Work task:
Pull out of the data below the stretch of lines bounded by the one containing "Das digitale Genlock" and the one containing "Digital Sheet Music", both bounds included, unchanged.

Supplied material:
□ □ □ □ □
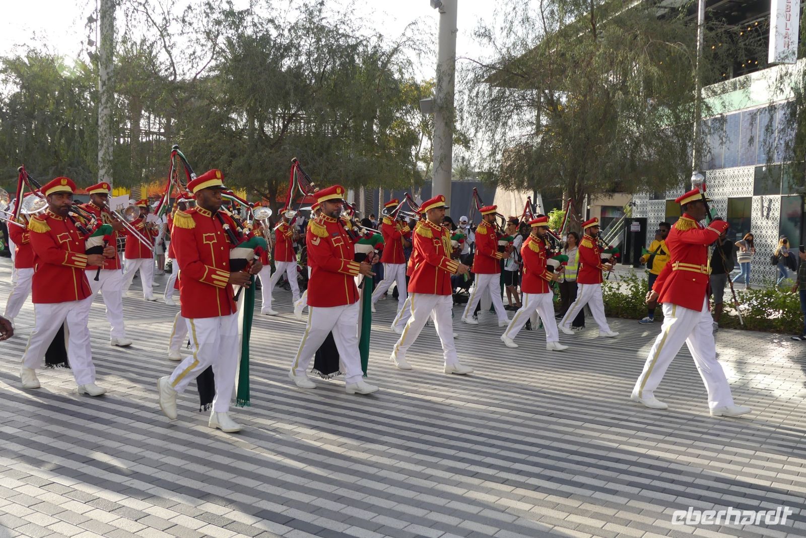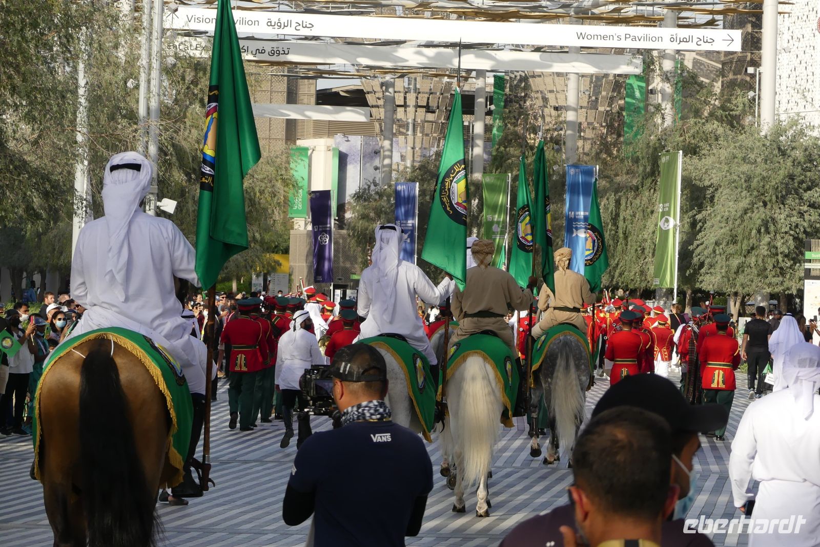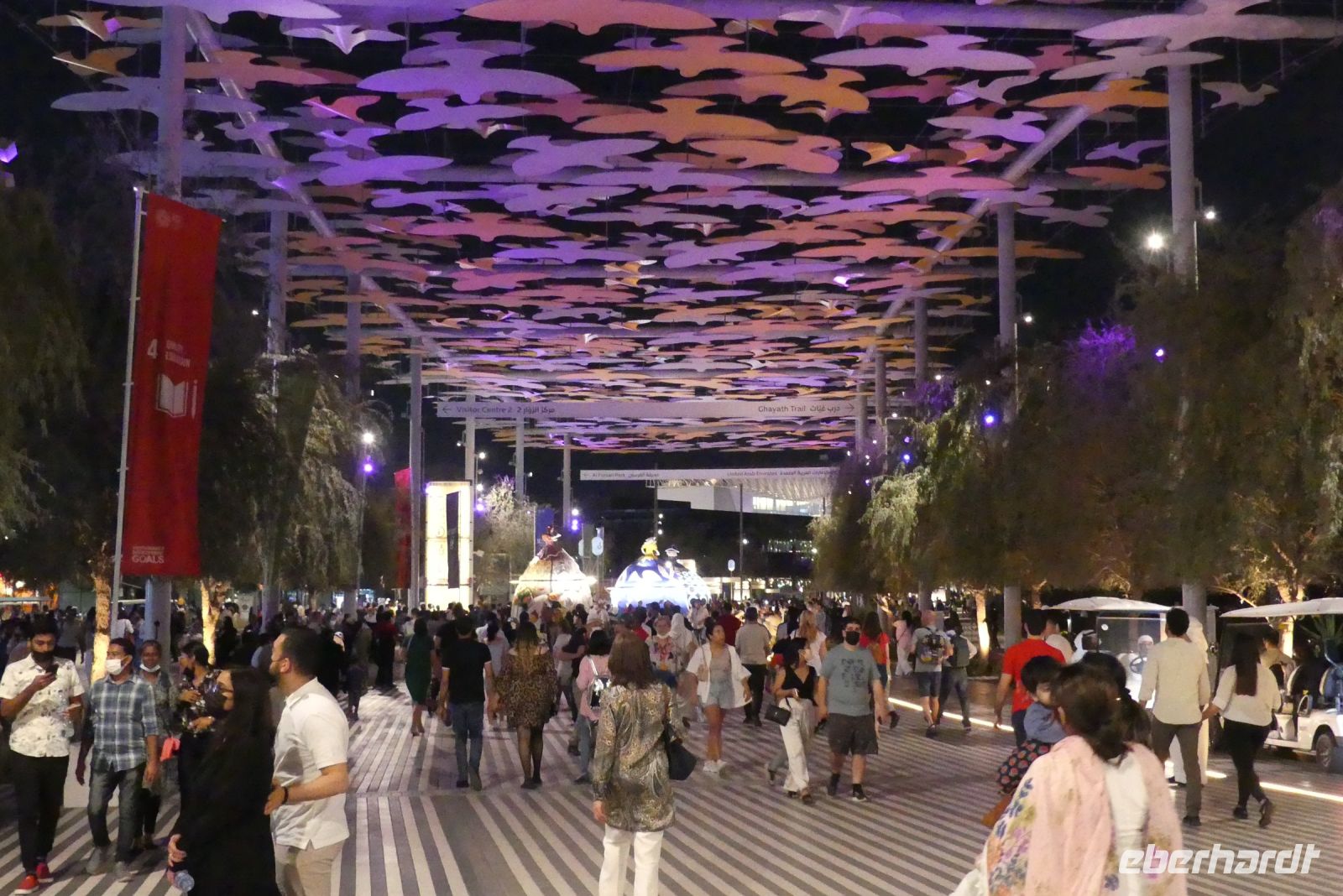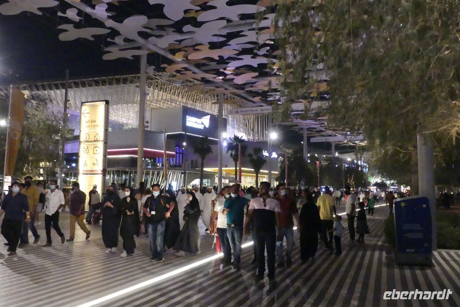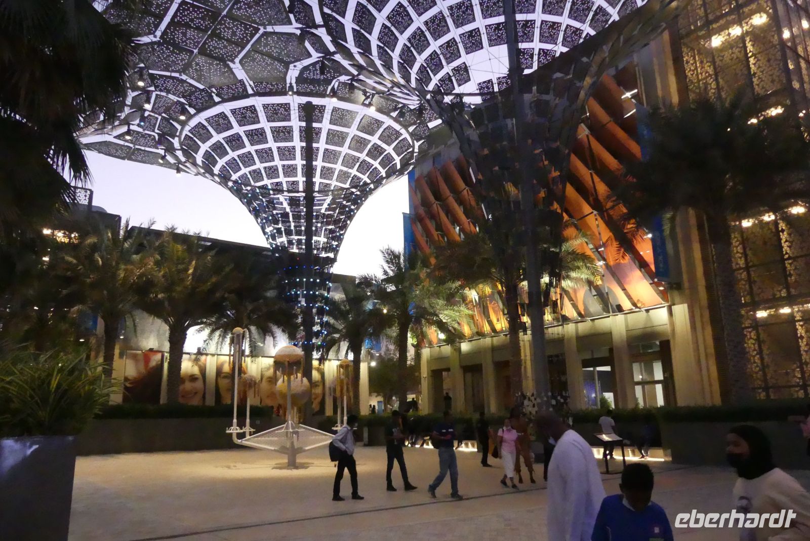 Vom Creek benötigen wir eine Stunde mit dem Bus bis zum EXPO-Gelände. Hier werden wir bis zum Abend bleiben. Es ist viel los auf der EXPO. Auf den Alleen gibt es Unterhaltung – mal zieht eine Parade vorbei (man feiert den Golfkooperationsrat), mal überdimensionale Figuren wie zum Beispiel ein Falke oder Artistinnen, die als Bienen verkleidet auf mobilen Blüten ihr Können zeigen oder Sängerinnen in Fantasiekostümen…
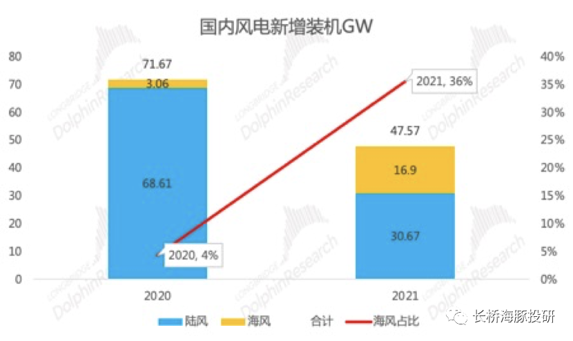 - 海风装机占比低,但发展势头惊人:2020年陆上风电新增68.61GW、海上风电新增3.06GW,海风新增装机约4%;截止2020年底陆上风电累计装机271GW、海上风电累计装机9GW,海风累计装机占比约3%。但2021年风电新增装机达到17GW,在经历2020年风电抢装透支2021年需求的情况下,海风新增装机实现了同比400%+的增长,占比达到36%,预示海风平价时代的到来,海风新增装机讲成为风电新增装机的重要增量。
□ □ □ □ □
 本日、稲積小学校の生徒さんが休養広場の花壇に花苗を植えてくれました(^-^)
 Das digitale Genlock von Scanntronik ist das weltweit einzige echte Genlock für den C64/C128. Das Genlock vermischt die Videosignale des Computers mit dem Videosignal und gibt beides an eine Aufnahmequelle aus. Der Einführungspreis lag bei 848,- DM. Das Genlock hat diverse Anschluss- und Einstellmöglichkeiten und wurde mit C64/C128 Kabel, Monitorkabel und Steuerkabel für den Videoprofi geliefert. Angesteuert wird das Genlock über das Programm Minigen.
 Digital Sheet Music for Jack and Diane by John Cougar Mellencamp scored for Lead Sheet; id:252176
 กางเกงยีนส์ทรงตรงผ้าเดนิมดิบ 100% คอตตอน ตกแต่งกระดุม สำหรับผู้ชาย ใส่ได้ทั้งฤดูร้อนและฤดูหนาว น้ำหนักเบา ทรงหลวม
□ □ □ □ □
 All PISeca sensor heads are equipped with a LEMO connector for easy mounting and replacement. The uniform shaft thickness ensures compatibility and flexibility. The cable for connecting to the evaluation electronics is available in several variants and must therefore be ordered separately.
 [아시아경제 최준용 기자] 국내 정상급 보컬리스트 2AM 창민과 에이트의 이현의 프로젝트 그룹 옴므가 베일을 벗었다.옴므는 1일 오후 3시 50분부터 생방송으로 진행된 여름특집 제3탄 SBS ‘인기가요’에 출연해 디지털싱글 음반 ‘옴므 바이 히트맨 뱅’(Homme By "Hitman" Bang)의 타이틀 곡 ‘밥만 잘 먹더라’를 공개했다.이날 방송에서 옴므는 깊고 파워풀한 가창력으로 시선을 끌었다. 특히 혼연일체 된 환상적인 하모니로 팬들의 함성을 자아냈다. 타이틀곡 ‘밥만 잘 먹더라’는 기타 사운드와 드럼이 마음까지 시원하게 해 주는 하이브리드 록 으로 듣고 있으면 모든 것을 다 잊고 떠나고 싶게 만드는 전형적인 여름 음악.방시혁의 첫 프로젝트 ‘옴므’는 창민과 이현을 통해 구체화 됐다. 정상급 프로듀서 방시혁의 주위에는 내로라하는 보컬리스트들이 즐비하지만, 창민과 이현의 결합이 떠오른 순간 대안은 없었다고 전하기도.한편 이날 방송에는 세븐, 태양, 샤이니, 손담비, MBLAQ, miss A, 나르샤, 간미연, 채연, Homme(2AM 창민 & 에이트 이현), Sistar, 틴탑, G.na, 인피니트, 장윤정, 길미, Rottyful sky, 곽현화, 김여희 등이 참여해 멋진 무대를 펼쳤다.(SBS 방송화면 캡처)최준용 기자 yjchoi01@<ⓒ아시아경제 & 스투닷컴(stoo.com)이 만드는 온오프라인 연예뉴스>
□ □ □ □ □
Task solution:
 Das digitale Genlock von Scanntronik ist das weltweit einzige echte Genlock für den C64/C128. Das Genlock vermischt die Videosignale des Computers mit dem Videosignal und gibt beides an eine Aufnahmequelle aus. Der Einführungspreis lag bei 848,- DM. Das Genlock hat diverse Anschluss- und Einstellmöglichkeiten und wurde mit C64/C128 Kabel, Monitorkabel und Steuerkabel für den Videoprofi geliefert. Angesteuert wird das Genlock über das Programm Minigen.
 Digital Sheet Music for Jack and Diane by John Cougar Mellencamp scored for Lead Sheet; id:252176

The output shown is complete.